You could try putting screen over all the gaps attached with push pins or staples. Just make sure you leave them one exit. Then one night after dusk when they all fly out to eat close up the last hole.


----------



## Paul Thompson (Jul 16, 2007)

A dozen guys with 12 Gage bird shot when they drop out of the eves at dusk is really fun, and helps thin them out. A challenge to hit them indeed.


----------



## bigcountrysg (Oct 9, 2006)

Paul Thompson said:


> A dozen guys with 12 Gage bird shot when they drop out of the eves at dusk is really fun, and helps thin them out.
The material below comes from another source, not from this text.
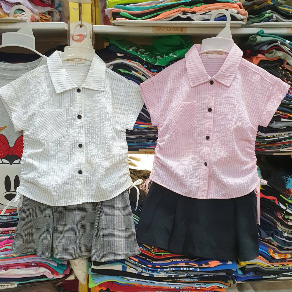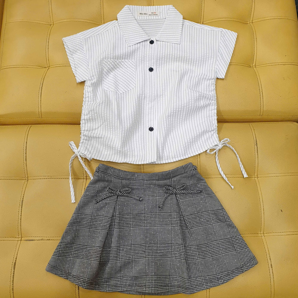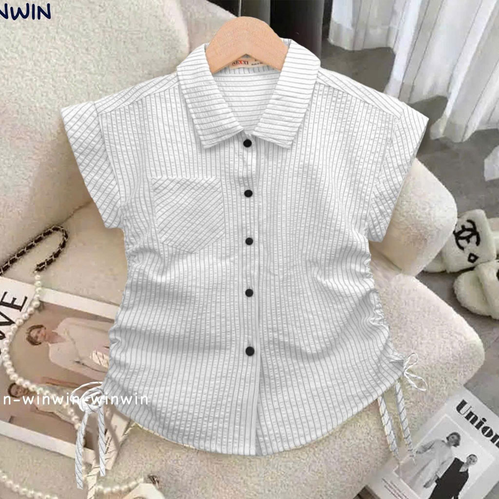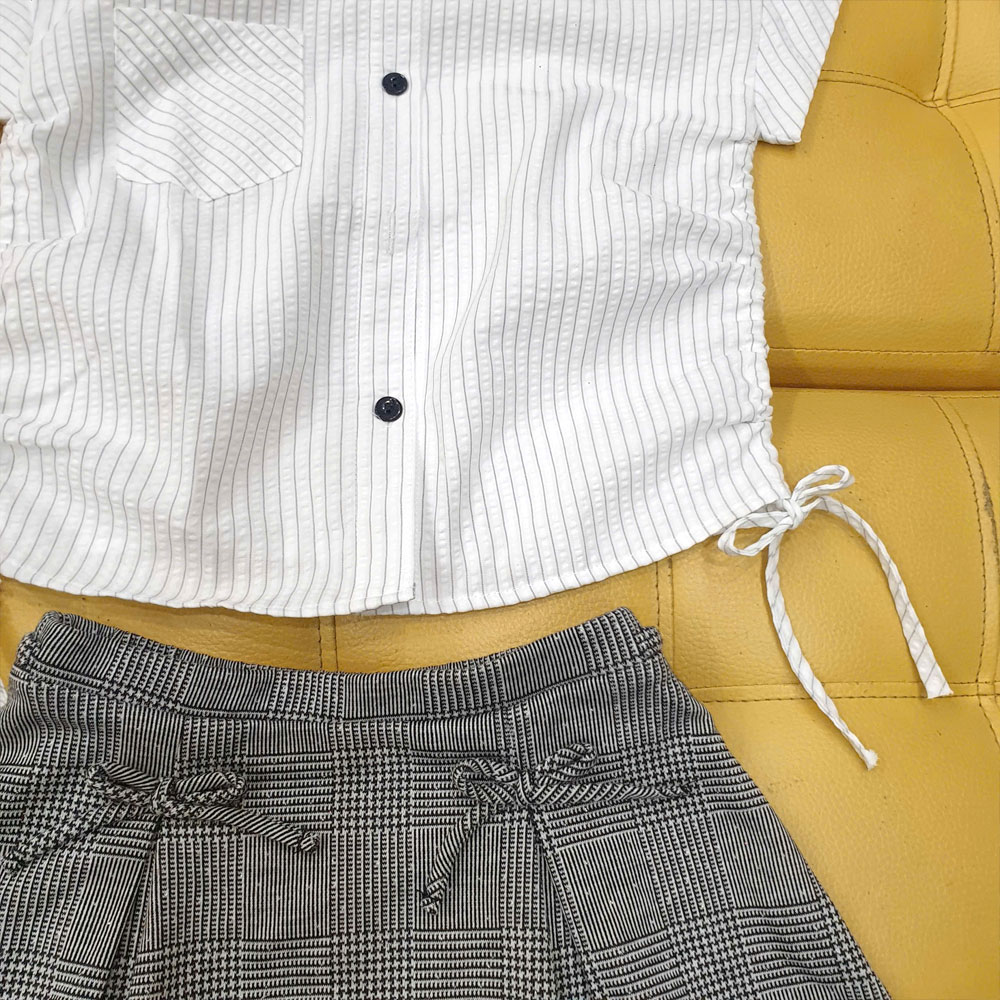 [13kg-56kg] Sơ mi kiểu cho bé gái thiết kế nhún eo mặc được 2 kiểu cực xinh màu trắng
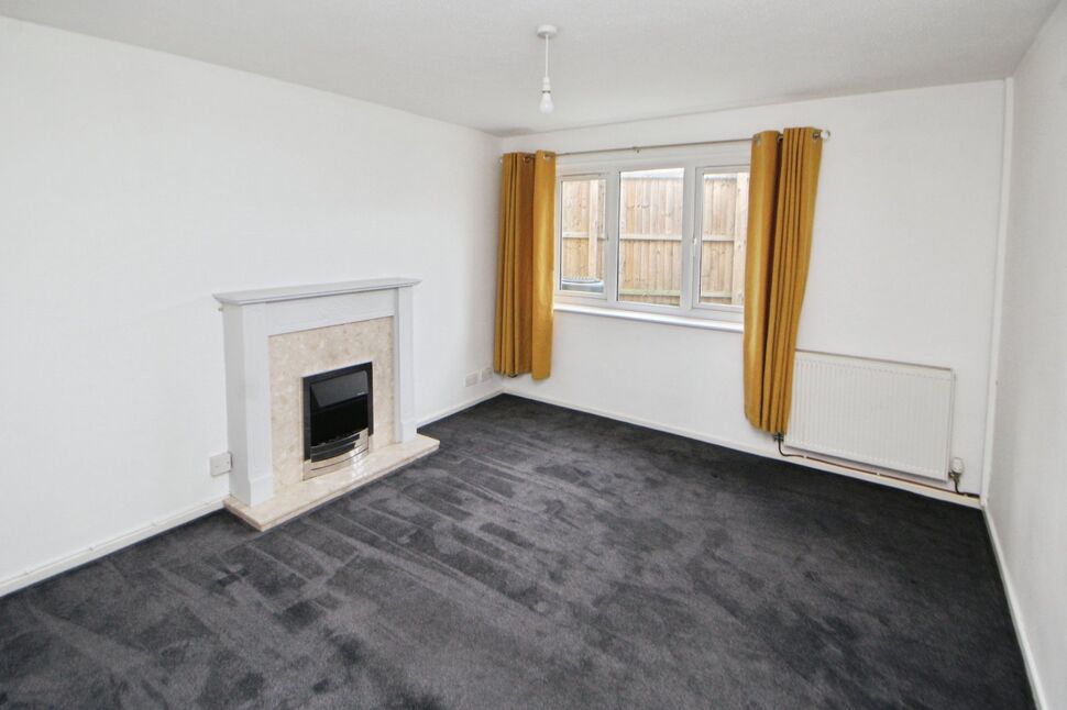 Fireplace, TV point, aspect over the garden and door to the dining room.

A challenge to hit them indeed.


Is this even legal?


----------



## Paul Thompson (Jul 16, 2007)

I don't know if it is or not, it was forty years ago when we were kids when we shot them. Our old house had 100 fly out of the eves every night in the summer. Some flew around inside too. We used tennis rackets inside though.


----------



## wally-eye (Oct 27, 2004)

I think they are protected now..............we also used to shoot them all the time back in the early 60s...........sure was a challenge.

As far as the attic............two "hungry cats" put in the attic for a day or two will keep them at bay.....for a while anyways.


----------



## spiritofthewild_06 (Mar 20, 2007)

Madduck98 said:


> You could try putting screen over all the gaps attached with push pins or staples. Just make sure you leave them one exit. Then one night after dusk when they all fly out to eat close up the last hole.


 This is about the only true way to get rid of them. Dryer sheets and moth balls don't really do a good job. As for your bat house, they like to roost in them sometimes, but why live in a condo, when they can live in a penthouse(your attic)! My uncle does wildlife control specializing in bats, I can give you his contact number if you want to pm me. It's not a cheap fix however...


----------



## Big Reds (Oct 14, 2007)

Bats in the attic huh?! Sounds like a personal problem....haha. Just kiddin. Sonic devices sounds like your best bet for your situation.


----------



## 22 Chuck (Feb 2, 2006)

After agging some it is not recommended that one handle them-even touching. RABIES.


----------